TASK TO COMPLETE →
Return, with both end lines included, exactly what the data below holds from the line with "Эта собака всегда" through the line with "本赛季截至目前,克林根已经抢下327个进攻篮板,刷新了开拓者队史进攻篮板纪录。", though not the pictures.

Stored entries
################

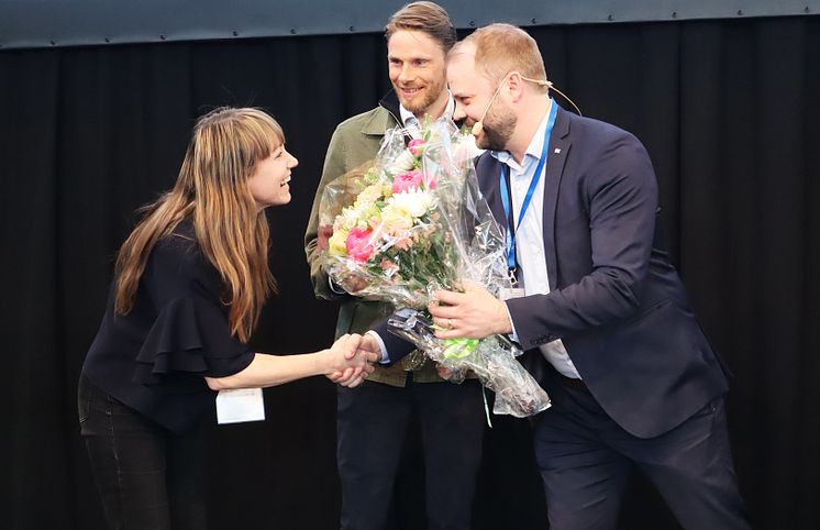 Pernilla Remröd från Ahrbom och Partner Arkitekter och Sebastian Westin från Westins Fönsterteknik AB tar emot Glaspriset för renoveringen av Kulturhuset i Stockholm.
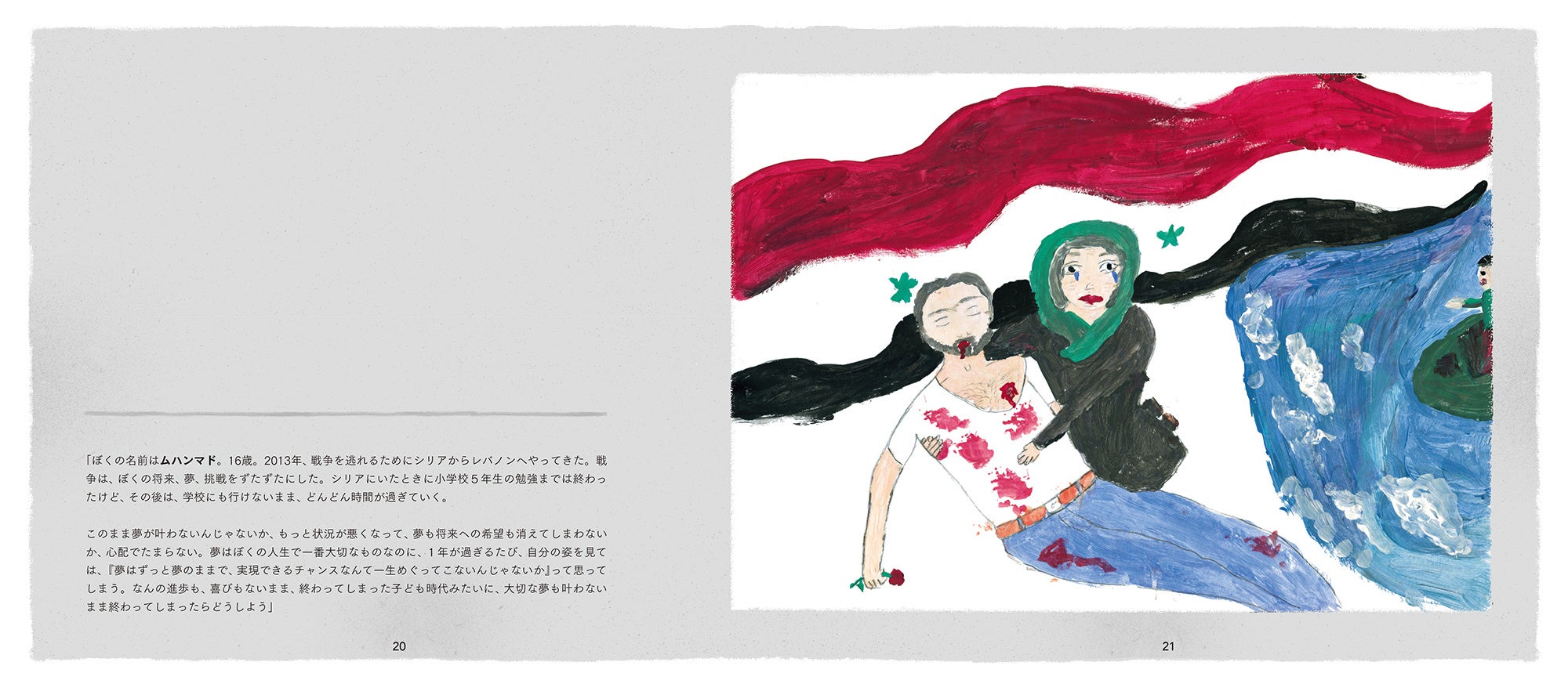 さらに、難民の子どもたちにこれまでの体験を、言葉と絵で表現してもらいました。
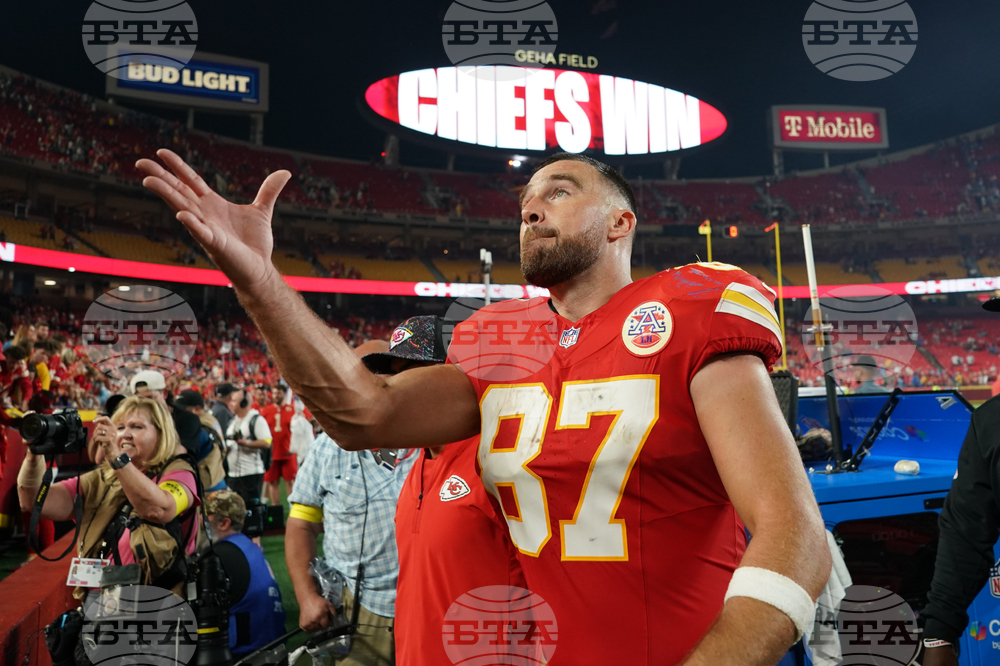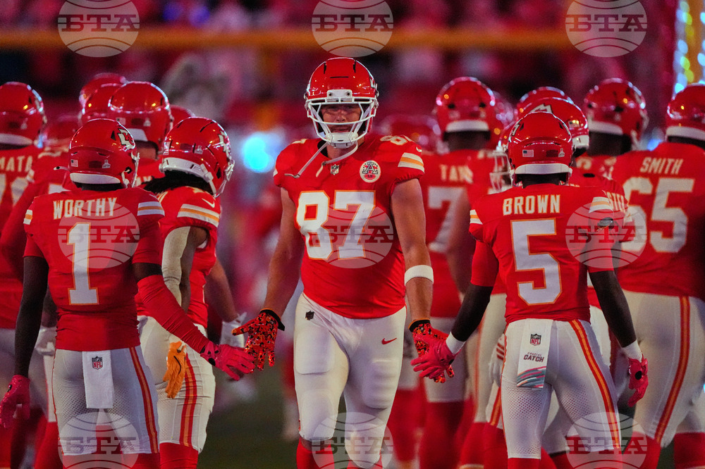 Kansas City Chiefs tight end Travis Kelce runs on the field before an NFL football game against the Detroit Lions Sunday, Oct. 12, 2025, in Kansas City, Mo. (AP Photo/Charlie Riedel)
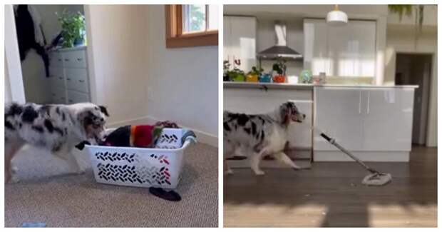 Эта собака всегда готова прийти на помощь своей хозяйке в домашних делах. С таким питомцем не пропадёшь!
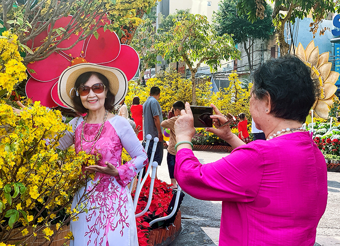 Không gian Đường hoa nghệ thuật trở thành nơi để người dân và du khách lưu lại nhiều bức ảnh đẹp. Ảnh: KIỀU MAI
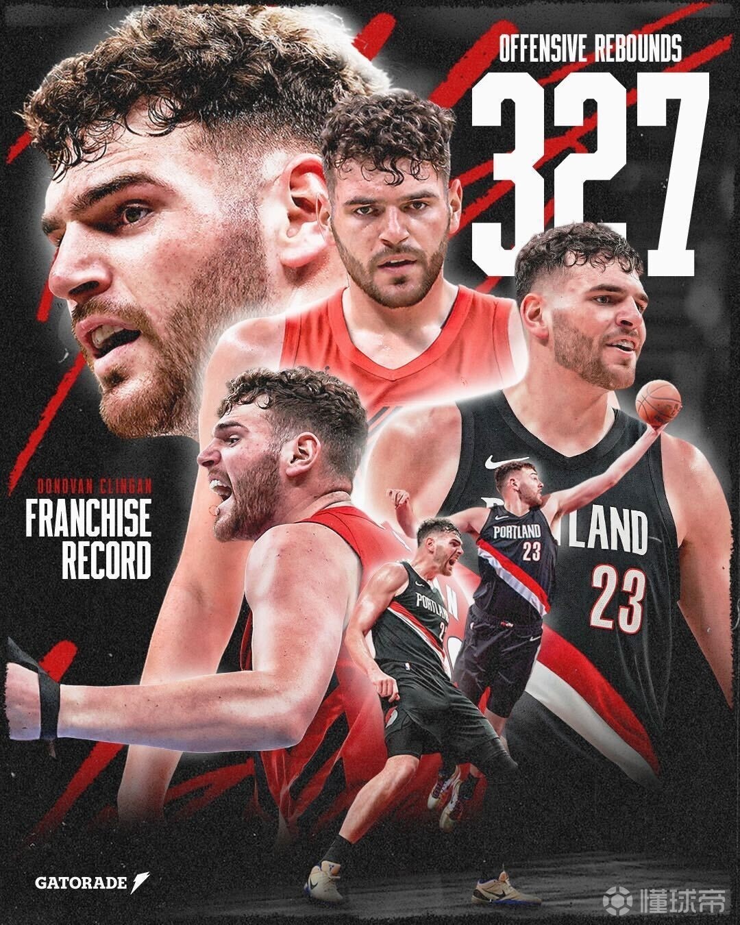 本赛季截至目前,克林根已经抢下327个进攻篮板,刷新了开拓者队史进攻篮板纪录。
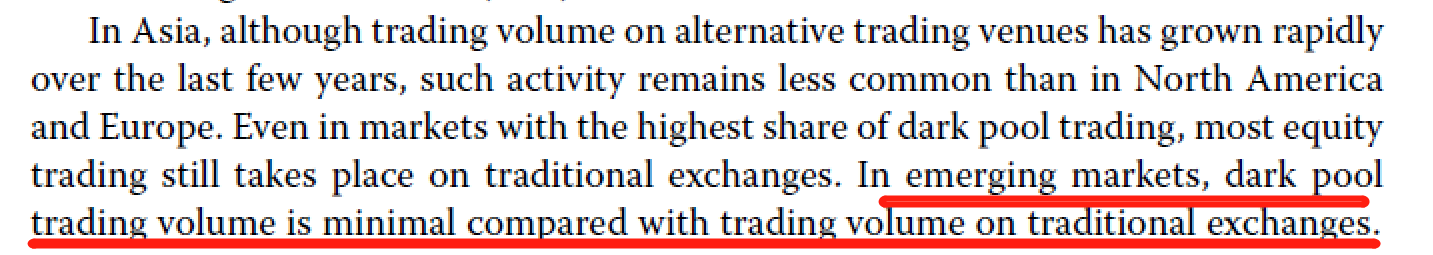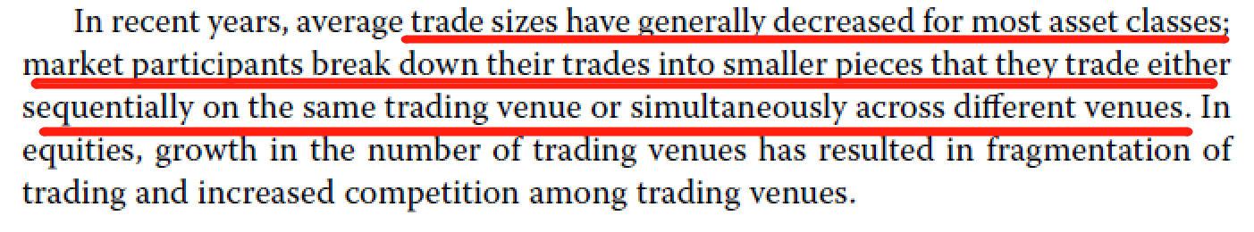 这是错的,因为现在投资者下单时会把订单拆小来交易,因此每个订单的平均规模是下降的。而在信息市场,dark pool的交易规模和交易所市场相比是非常小的。
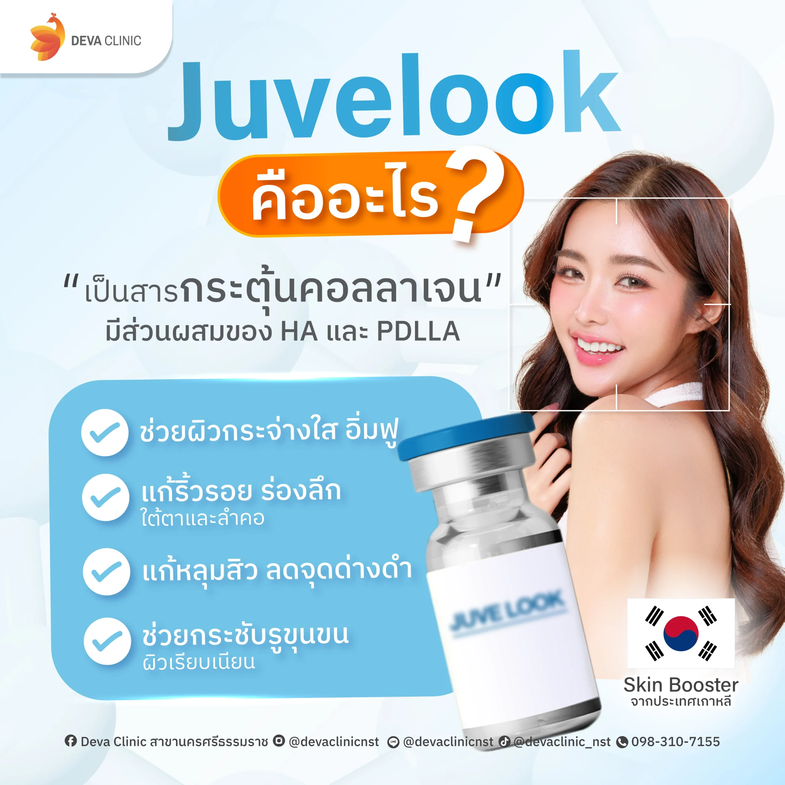 Juvelook คือสารกระตุ้นคอลลาเจนแบบไฮบริด (Hybrid Biostimulator) ที่ผสมผสานระหว่าง PDLLA และ Hyaluronic Acid (HA) เข้าด้วยกันอย่างลงตัว
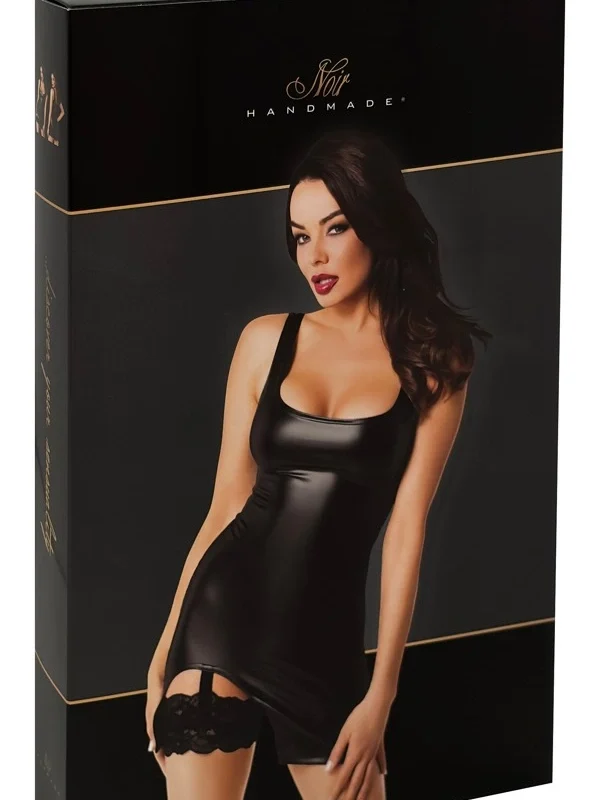 This meticulously crafted black mini dress features a sleek, powerwetlook finish for a bold visual effect, while maintaining comfort and flexibility thanks to its soft, stretchable material composition. The integrated suspender straps and delicately sewn lace garter details add a refined, fashionable accent, seamlessly enhancing your silhouette. Designed to fit closely to your body, the dress offers a flattering, anatomic cut that ensures both style and ease of movement.
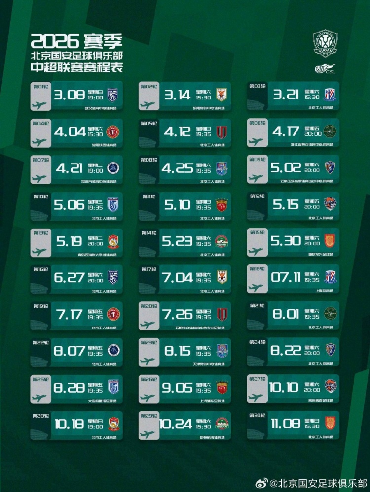 2026赛季中超赛程(北京国安纯享版)
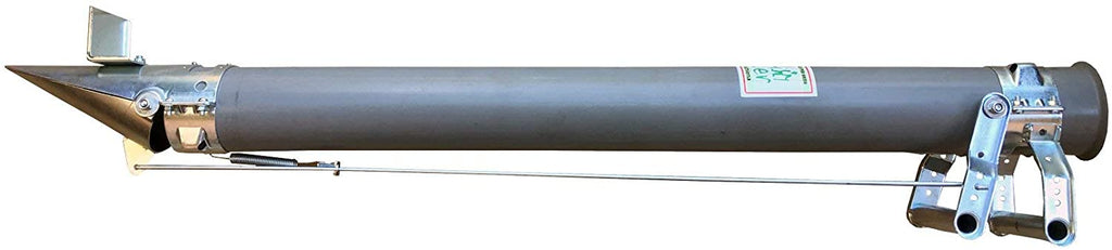 E' formata da un corpo cavo cilindrico in PVC,e una maniglia all'apice collegata con un sistema a molla al puntale.
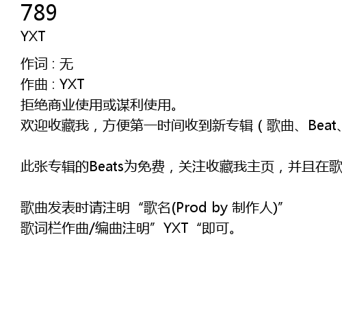 | 歌曲发表时请注明“歌名(Prod by 制作人)” 歌词栏作曲/编曲注明”YXT“即可。 |
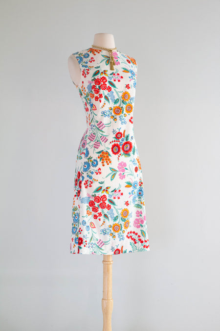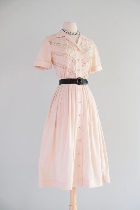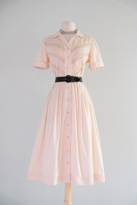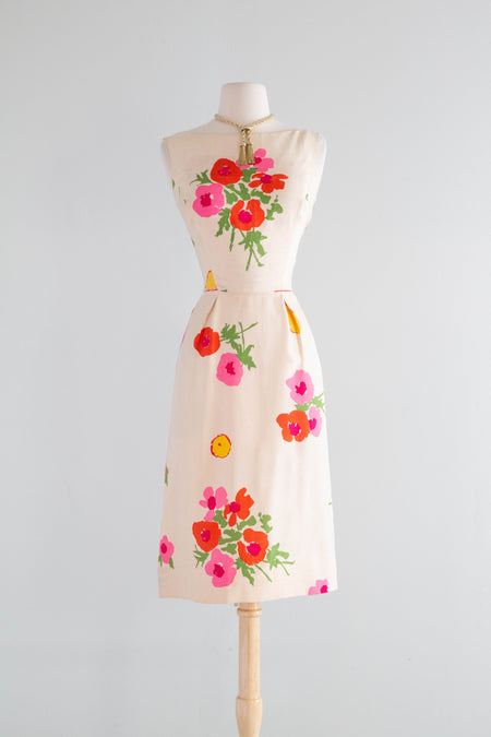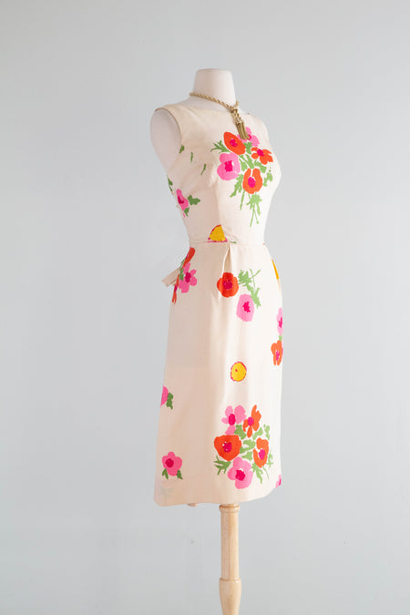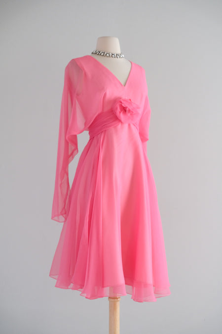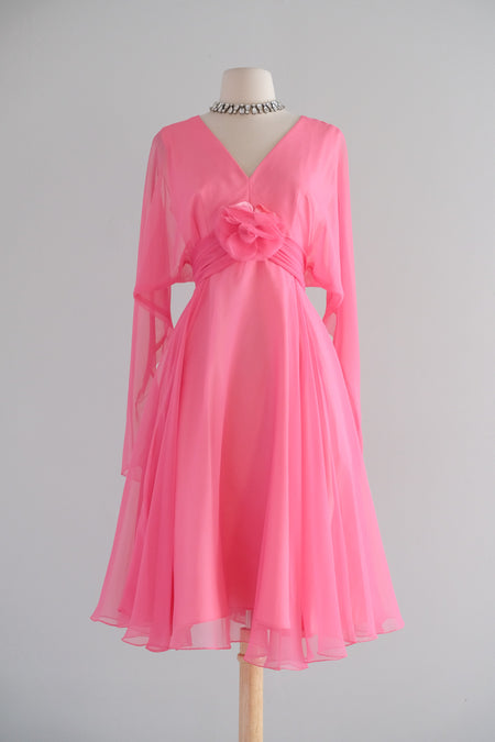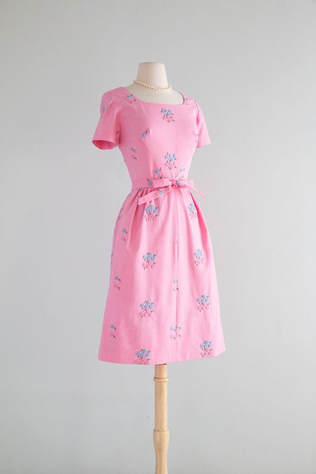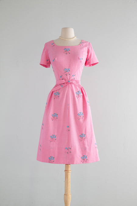 Sold Out Adorable 1960's Barbie Pink Cotton Dress With Embroidered Three Dimensional Flowers / M $148.00
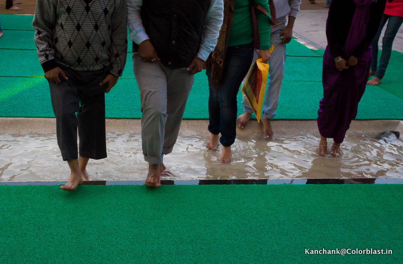 Da lobe ich mir die lösung in Amritsar im Harmandar Sahib, dem heiligtum der Sikhs: eine rinne mit warmem wasser, drinnen ist jeder willkommen, voraussetzung die hände und füße sind sauber, und das gesamte gelände wird ständig sorgfältig gereinigt.
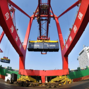 1月15日,在黄骅港综合港区集装箱码头,岸桥设备在进行卸船作业。
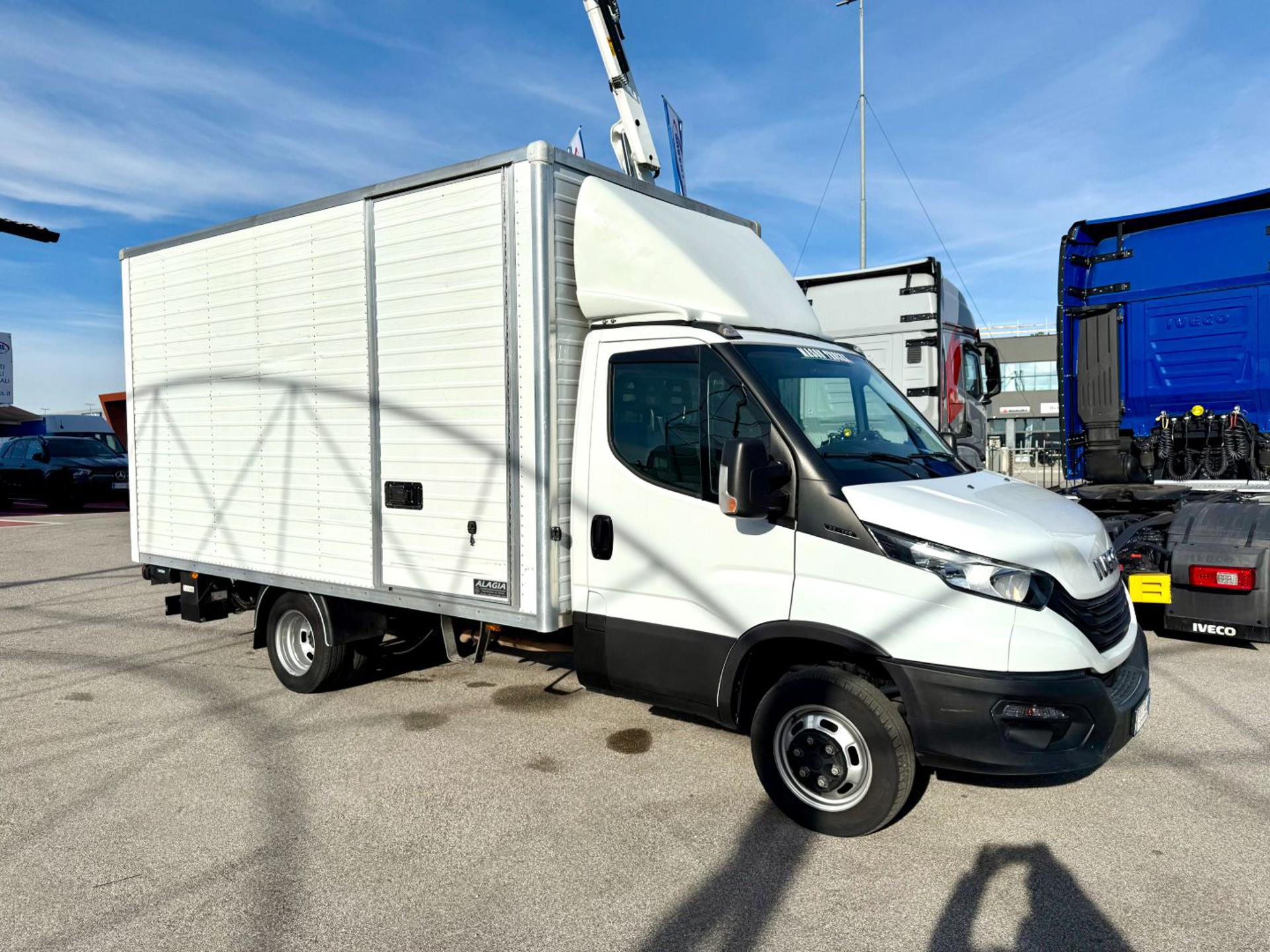 Allestito con cassa furgonata da misure interne mt 4.20 x mt 2.10 x mt 2.22 con porta laterale e sponda caricatrice idraulica a battente da 800 kg. Portata complessiva kg 3.500, Portata utile circa kg 600.

################

YOUR SOLUTION →
 Эта собака всегда готова прийти на помощь своей хозяйке в домашних делах. С таким питомцем не пропадёшь!
 Không gian Đường hoa nghệ thuật trở thành nơi để người dân và du khách lưu lại nhiều bức ảnh đẹp. Ảnh: KIỀU MAI
 本赛季截至目前,克林根已经抢下327个进攻篮板,刷新了开拓者队史进攻篮板纪录。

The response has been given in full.